REQUIREMENT
Your answer must be only the lines below from the one containing "Накладки из карбона" through the one containing "Comments: Male albino", copied exactly, with the pictures left out.

RECORDS PROVIDED

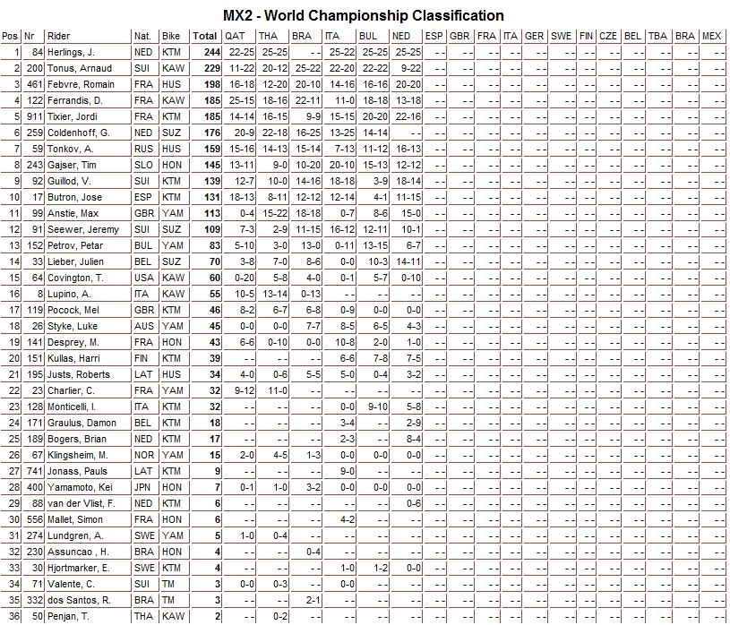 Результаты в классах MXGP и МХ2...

--

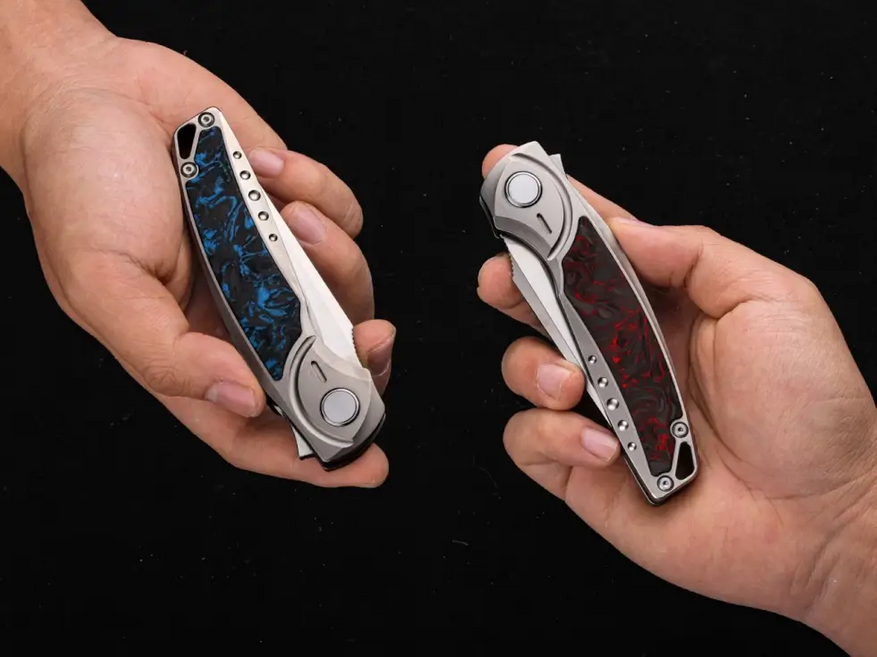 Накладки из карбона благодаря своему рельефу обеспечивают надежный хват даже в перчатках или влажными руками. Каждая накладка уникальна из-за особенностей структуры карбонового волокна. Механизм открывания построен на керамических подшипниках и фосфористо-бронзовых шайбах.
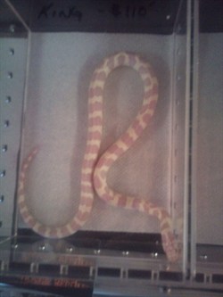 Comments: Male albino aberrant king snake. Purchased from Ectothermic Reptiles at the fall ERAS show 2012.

EXERCISE ANSWER
 Накладки из карбона благодаря своему рельефу обеспечивают надежный хват даже в перчатках или влажными руками. Каждая накладка уникальна из-за особенностей структуры карбонового волокна. Механизм открывания построен на керамических подшипниках и фосфористо-бронзовых шайбах.
 Comments: Male albino aberrant king snake. Purchased from Ectothermic Reptiles at the fall ERAS show 2012.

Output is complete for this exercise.